● **Exercise prompt**: Your answer must be an exact copy of the data, without any pictures.

====== Raw data ======

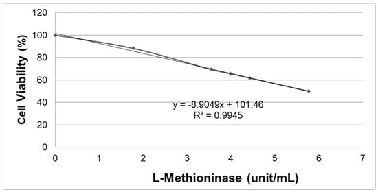 The 5,5-dithio-bis-2-nitrobenzoic acid (DTNB) method was employed to assess enzyme activity by measuring the number of free thiol groups [25]. The enzyme solution was mixed with 20 mM of L-methionine in phosphate-buffered saline (PBS) (pH: 7.2), 0.1 mM pyridoxal-5-phopsphate (PLP), and 0.25 mM (DTNB) at a final volume of 1 mL. The mixture was incubated for 1 h at 37 °C in an incubator (Memmert, Schwabach, Germany). Absorbance was measured at 420 nm using the Cary 60 UV-Vis spectrophotometer (Agilent, Santa Clara, CA, USA). The number of thiol groups was calculated from the standard curve of sodium methanethiolate. Enzyme activity was expressed as the amount of enzyme that released 1 µmol of free thiol per minute under optimal assay conditions, defined as L-methioninase activity.
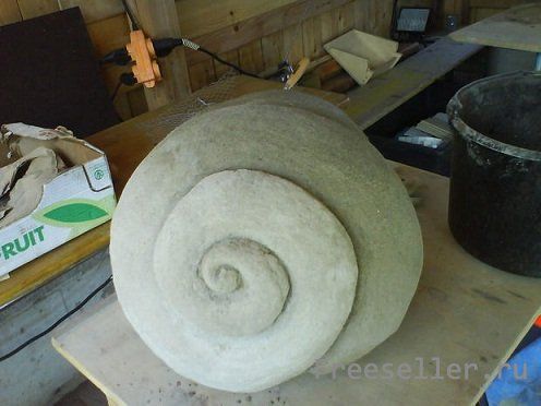 Из трех частей песка, одной части цемента и воды до густоты сметаны приготовим раствор, которым заполним сетку и выложим завитки домика улитки. Дадим всему этому подсохнуть.
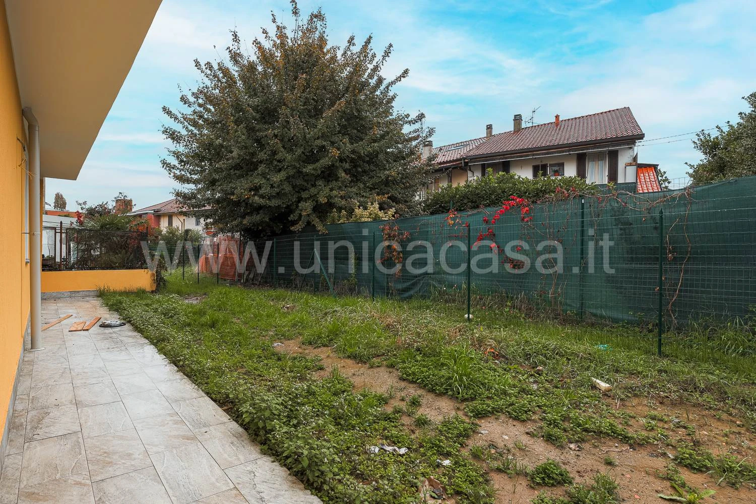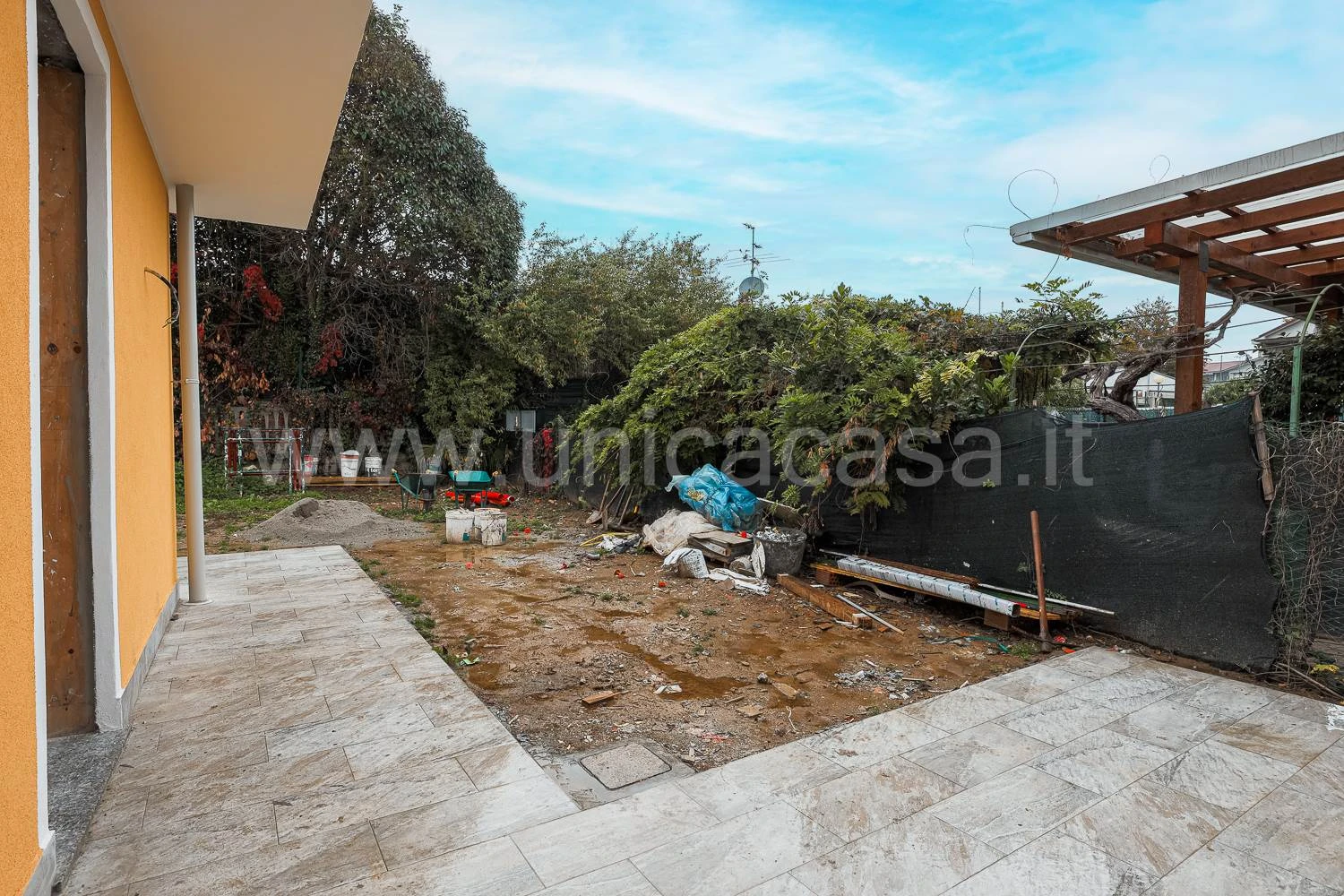 L'ingresso si apre su un ampio soggiorno con angolo cottura affacciato sul giardino privato, in parte pavimentato e predisposto con attacchi per una zona barbecue, ideale per vivere al meglio gli spazi esterni. La zona notte comprende una camera matrimoniale, un bagno principale e due generose camerette, di cui una con bagno privato.
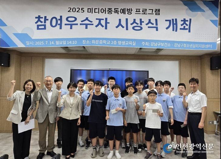 [인천광역신문] 최훈 기자 | 서울특별시 강남구의회 경제도시위원회 이도희 위원장(도곡1·2동)은 지난 7월 14일 휘문중학교에서 열린 ‘청소년 미디어중독 예방 프로그램’ 시상식에 참석해, 청소년들의 미디어 중독예방에 직접 나섰다.

======

● **Written reply**:
 The 5,5-dithio-bis-2-nitrobenzoic acid (DTNB) method was employed to assess enzyme activity by measuring the number of free thiol groups [25]. The enzyme solution was mixed with 20 mM of L-methionine in phosphate-buffered saline (PBS) (pH: 7.2), 0.1 mM pyridoxal-5-phopsphate (PLP), and 0.25 mM (DTNB) at a final volume of 1 mL. The mixture was incubated for 1 h at 37 °C in an incubator (Memmert, Schwabach, Germany). Absorbance was measured at 420 nm using the Cary 60 UV-Vis spectrophotometer (Agilent, Santa Clara, CA, USA). The number of thiol groups was calculated from the standard curve of sodium methanethiolate. Enzyme activity was expressed as the amount of enzyme that released 1 µmol of free thiol per minute under optimal assay conditions, defined as L-methioninase activity.
 Из трех частей песка, одной части цемента и воды до густоты сметаны приготовим раствор, которым заполним сетку и выложим завитки домика улитки. Дадим всему этому подсохнуть.
 L'ingresso si apre su un ampio soggiorno con angolo cottura affacciato sul giardino privato, in parte pavimentato e predisposto con attacchi per una zona barbecue, ideale per vivere al meglio gli spazi esterni. La zona notte comprende una camera matrimoniale, un bagno principale e due generose camerette, di cui una con bagno privato.
 [인천광역신문] 최훈 기자 | 서울특별시 강남구의회 경제도시위원회 이도희 위원장(도곡1·2동)은 지난 7월 14일 휘문중학교에서 열린 ‘청소년 미디어중독 예방 프로그램’ 시상식에 참석해, 청소년들의 미디어 중독예방에 직접 나섰다.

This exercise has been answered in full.